■ **ACTIVITY**: Nothing but the lines below from the one that contains "Mettez en plein" through the one that contains "Сначала мы отправимся" should be retyped, exactly and including both ends. Do not include pictures.

■ **EXERCISE INPUTS**:
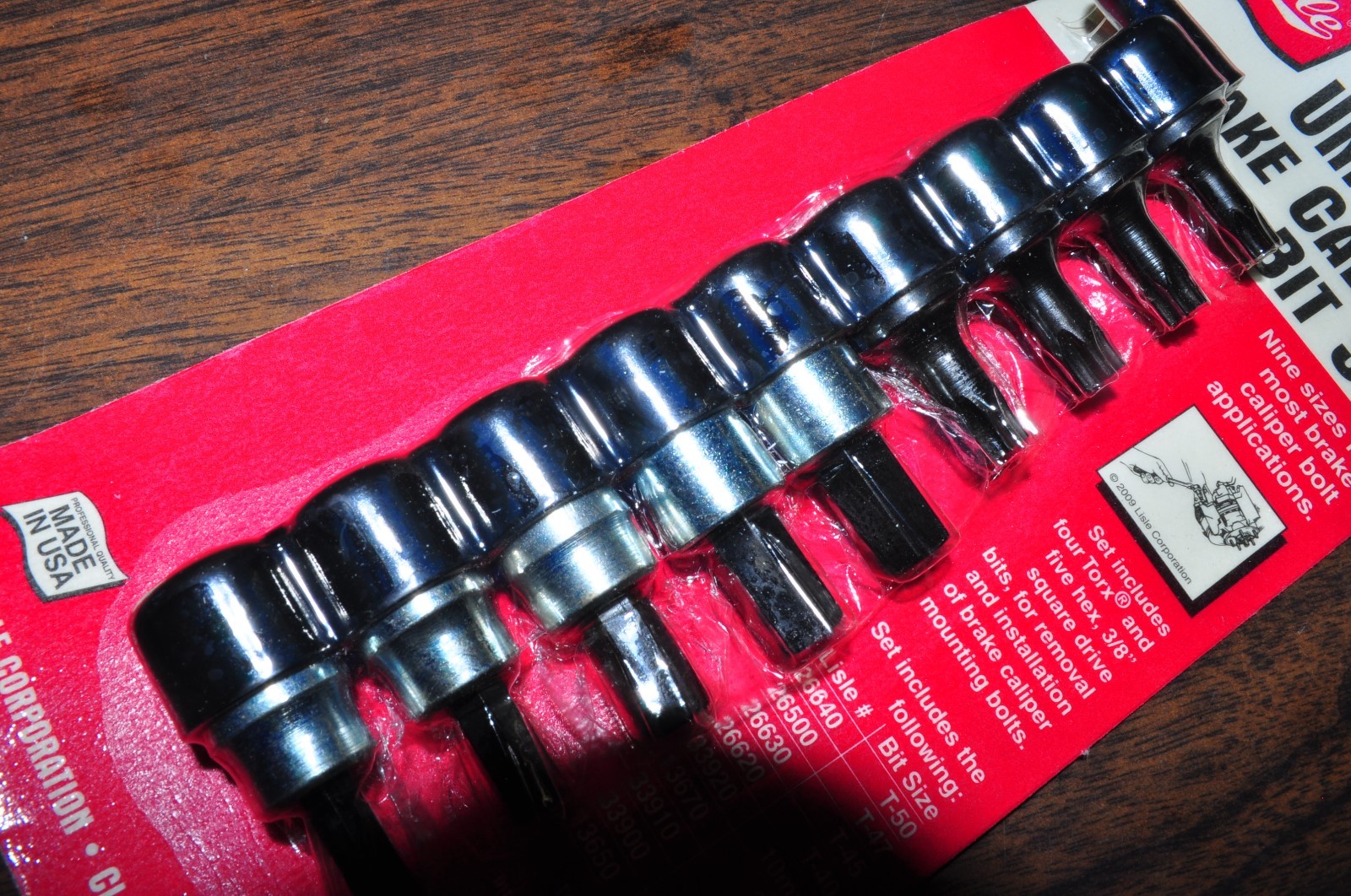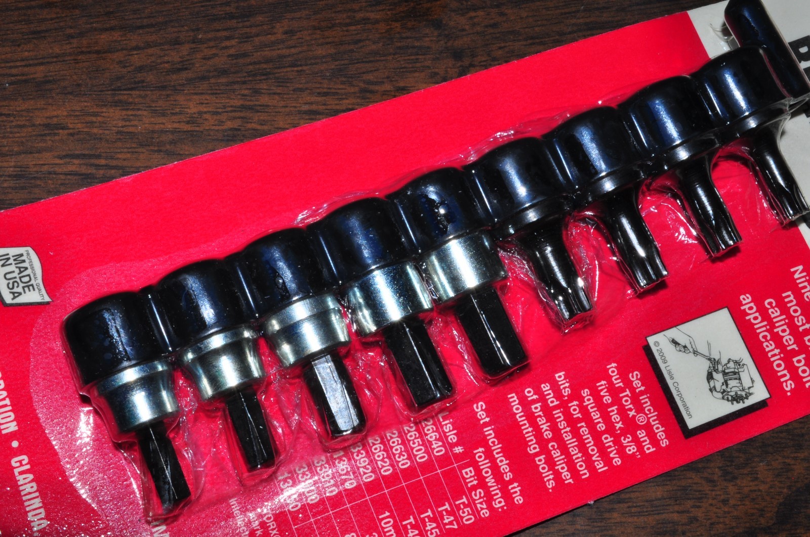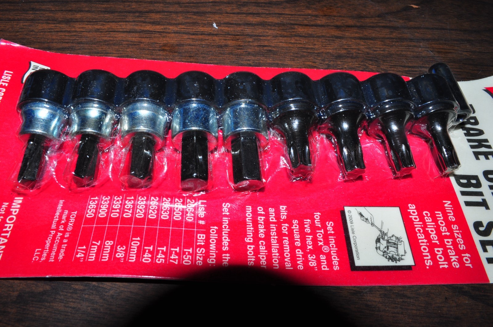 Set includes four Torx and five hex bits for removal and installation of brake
--
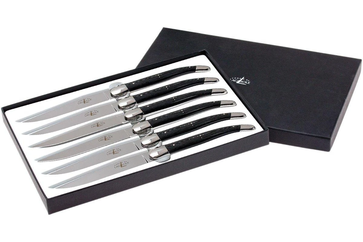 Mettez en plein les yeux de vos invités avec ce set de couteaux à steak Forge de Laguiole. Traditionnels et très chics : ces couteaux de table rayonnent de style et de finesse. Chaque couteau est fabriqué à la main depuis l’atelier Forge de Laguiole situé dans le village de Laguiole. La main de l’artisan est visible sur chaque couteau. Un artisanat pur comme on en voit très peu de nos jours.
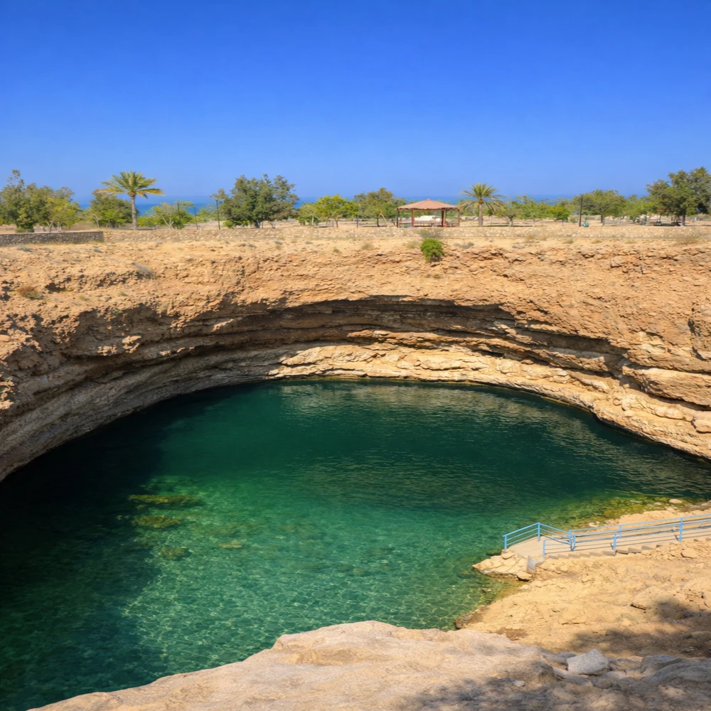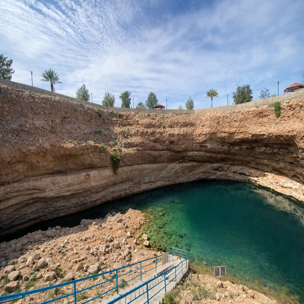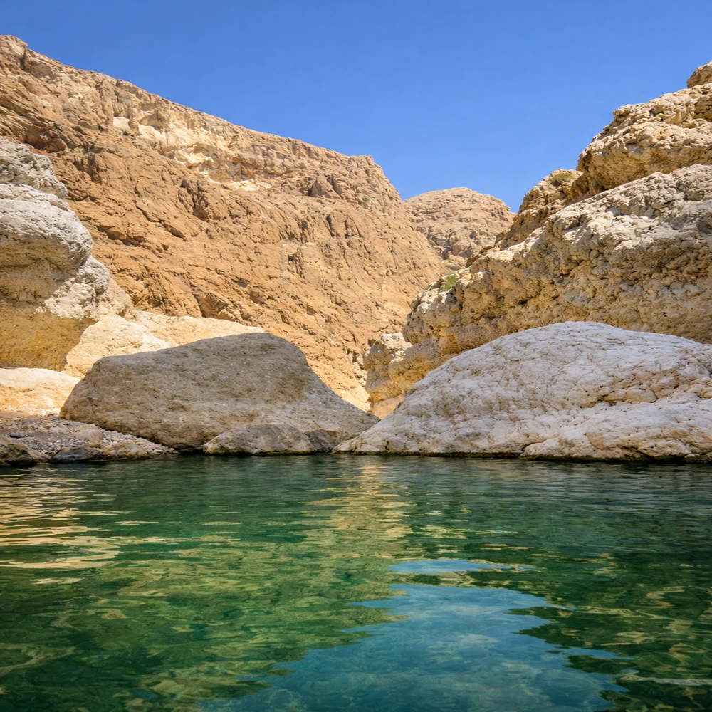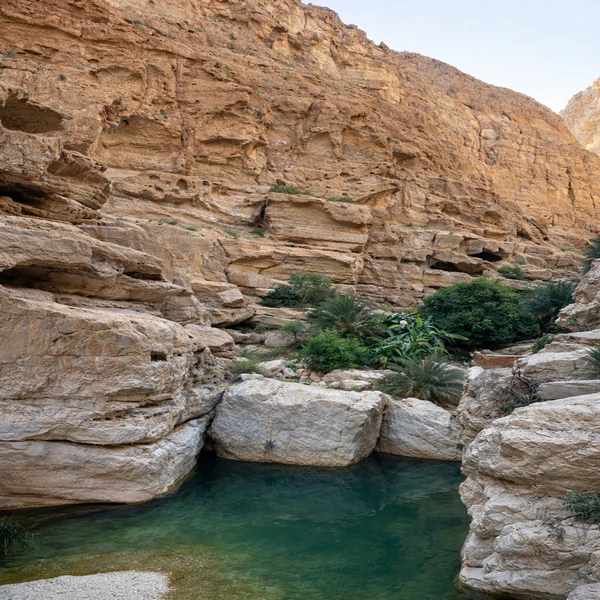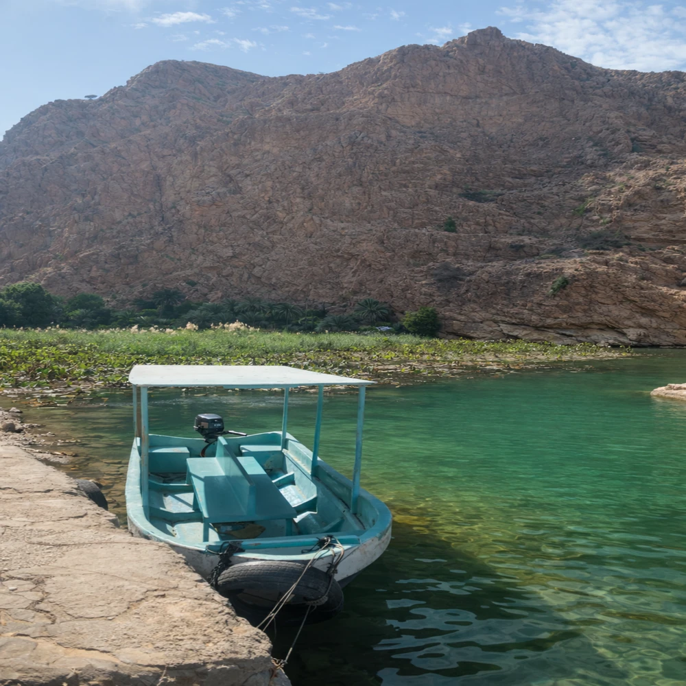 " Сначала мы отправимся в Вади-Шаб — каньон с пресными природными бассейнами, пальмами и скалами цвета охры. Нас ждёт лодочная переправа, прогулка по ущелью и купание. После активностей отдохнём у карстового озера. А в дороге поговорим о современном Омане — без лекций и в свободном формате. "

■ **RESULT FOR THIS TASK**:
 Mettez en plein les yeux de vos invités avec ce set de couteaux à steak Forge de Laguiole. Traditionnels et très chics : ces couteaux de table rayonnent de style et de finesse. Chaque couteau est fabriqué à la main depuis l’atelier Forge de Laguiole situé dans le village de Laguiole. La main de l’artisan est visible sur chaque couteau. Un artisanat pur comme on en voit très peu de nos jours.
 " Сначала мы отправимся в Вади-Шаб — каньон с пресными природными бассейнами, пальмами и скалами цвета охры. Нас ждёт лодочная переправа, прогулка по ущелью и купание. После активностей отдохнём у карстового озера. А в дороге поговорим о современном Омане — без лекций и в свободном формате. "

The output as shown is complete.